◆ The task: Without the images, set down each entry exactly.

◆ Data:
══════════════════════════════
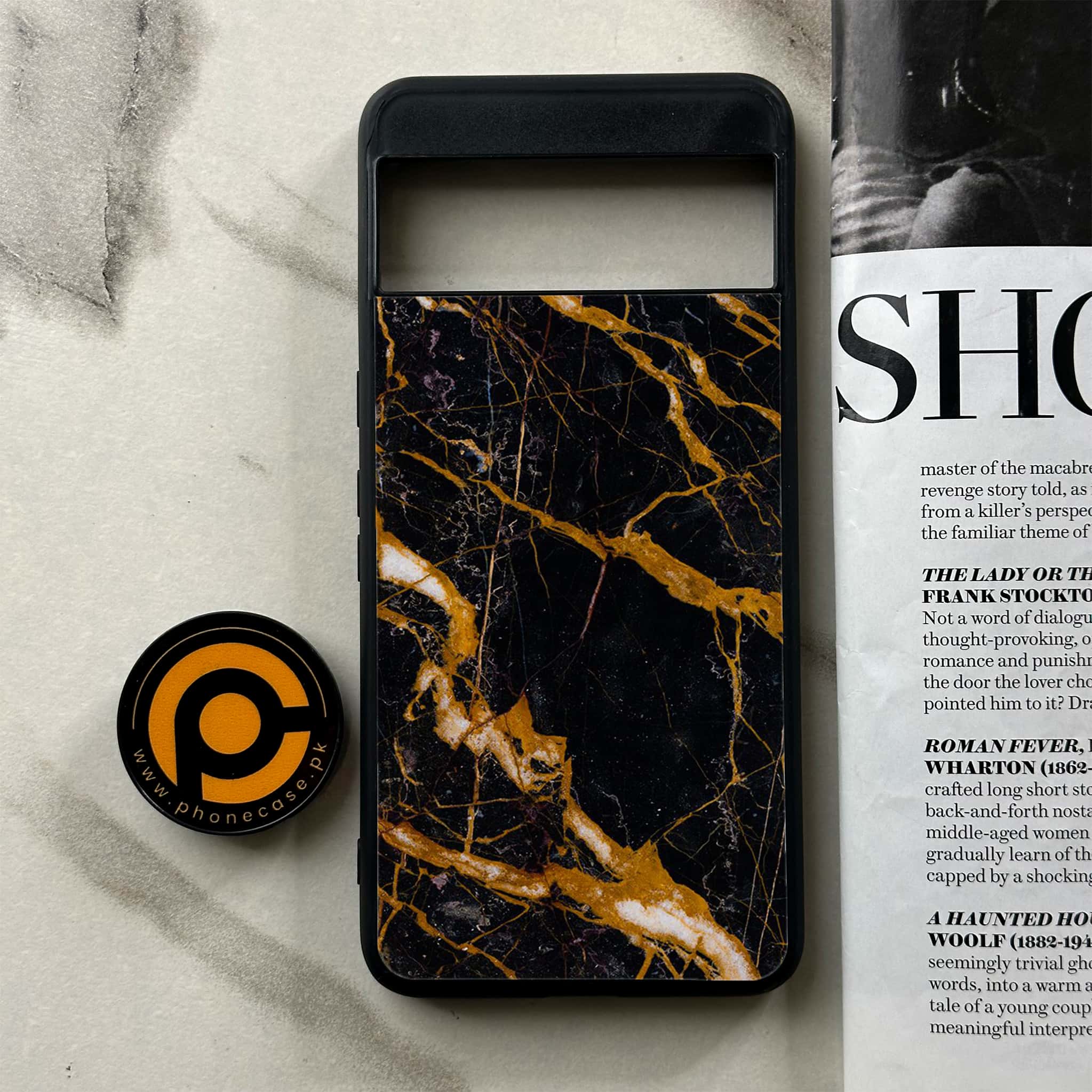 Google Pixel 8a - Golden Black Marble - Premium Printed soft Bumper Shock Proof Case
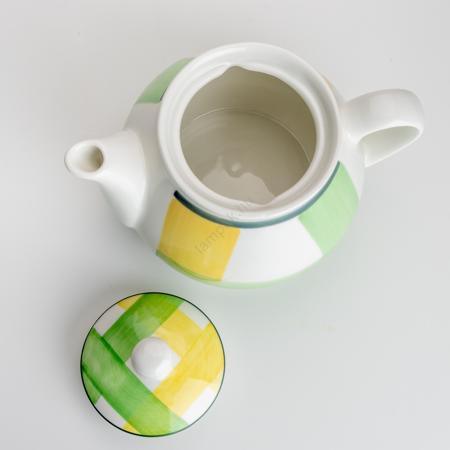 Zöld-sárga kerámia kávéfőző fedővel, Lucie
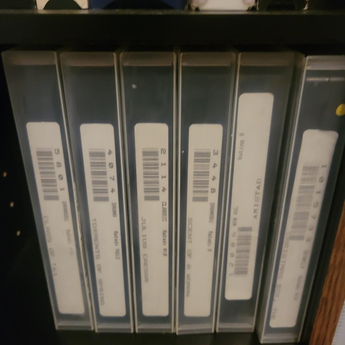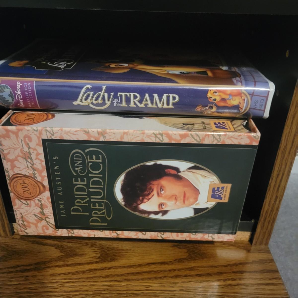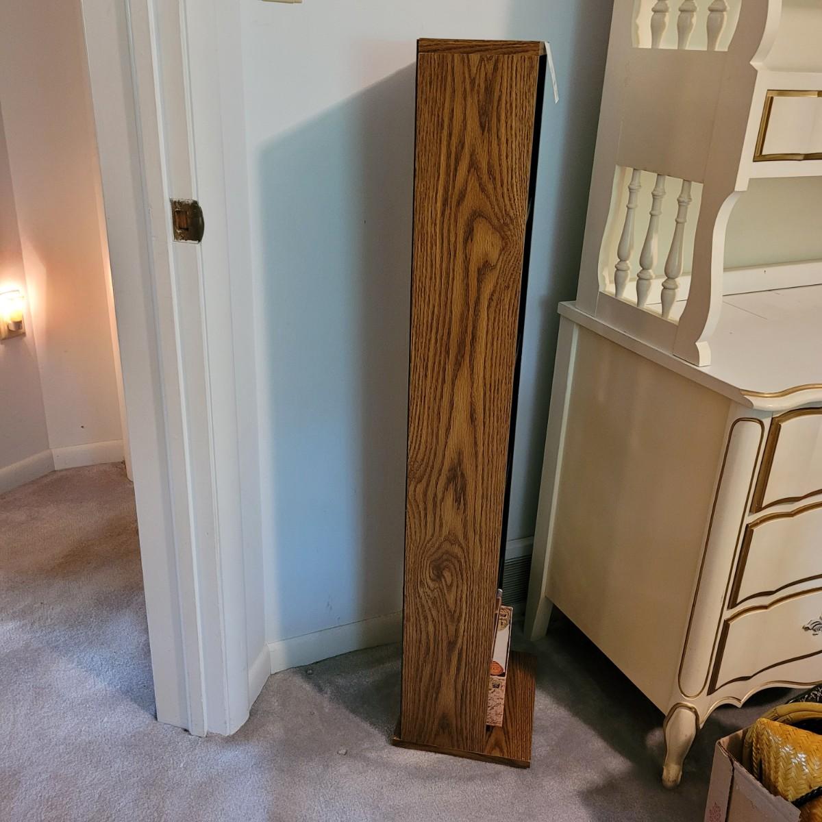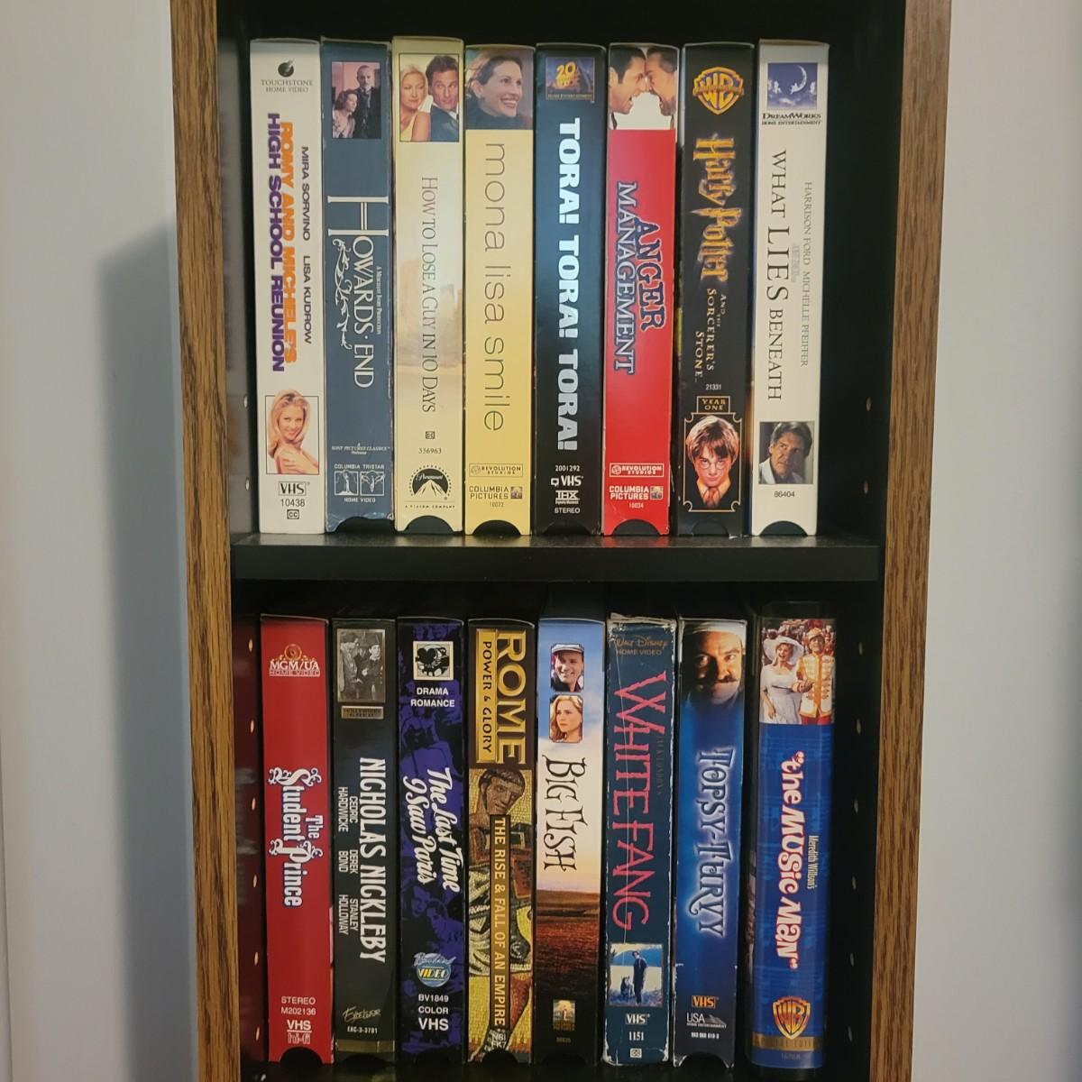 Over 30 vhs tapes and a tower to store them on in good condition. Storage tower has adjustable shelves and could be used to store other items. Tower is made of pressed wood with a paper veneer and measures approximately 11" x 9.5" x 45" Local pickup only
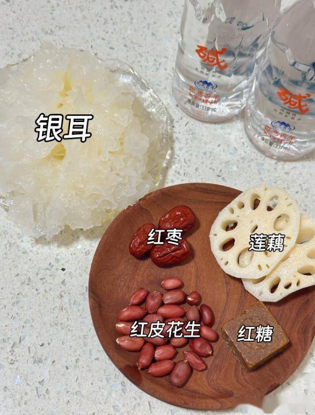 材料:一朵银耳,适量红枣,适量莲藕,一把花生,一块红糖。
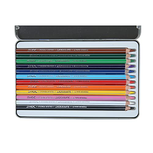 Doms Supersoft Non-Toxic Colour Pencil Set in Flat Tin Box (12 Assorted Shades)
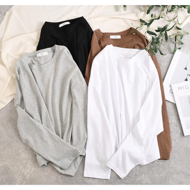 新作 カットソー レディース 長袖 綿 コットン 薄手 Tシャツ ロンT ゆったり 大きめ カジュアル 春 夏 秋 シンプル 韓国 丸首 無地
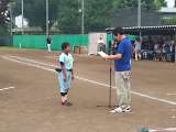 校庭では、桜町SC主催のキックターゲット、おやじの会主催のソースせんべい、かき氷...
══════════════════════════════
◆ Worked solution:
 Google Pixel 8a - Golden Black Marble - Premium Printed soft Bumper Shock Proof Case
 Zöld-sárga kerámia kávéfőző fedővel, Lucie
 Over 30 vhs tapes and a tower to store them on in good condition. Storage tower has adjustable shelves and could be used to store other items. Tower is made of pressed wood with a paper veneer and measures approximately 11" x 9.5" x 45" Local pickup only
 材料:一朵银耳,适量红枣,适量莲藕,一把花生,一块红糖。
 Doms Supersoft Non-Toxic Colour Pencil Set in Flat Tin Box (12 Assorted Shades)
 新作 カットソー レディース 長袖 綿 コットン 薄手 Tシャツ ロンT ゆったり 大きめ カジュアル 春 夏 秋 シンプル 韓国 丸首 無地
 校庭では、桜町SC主催のキックターゲット、おやじの会主催のソースせんべい、かき氷...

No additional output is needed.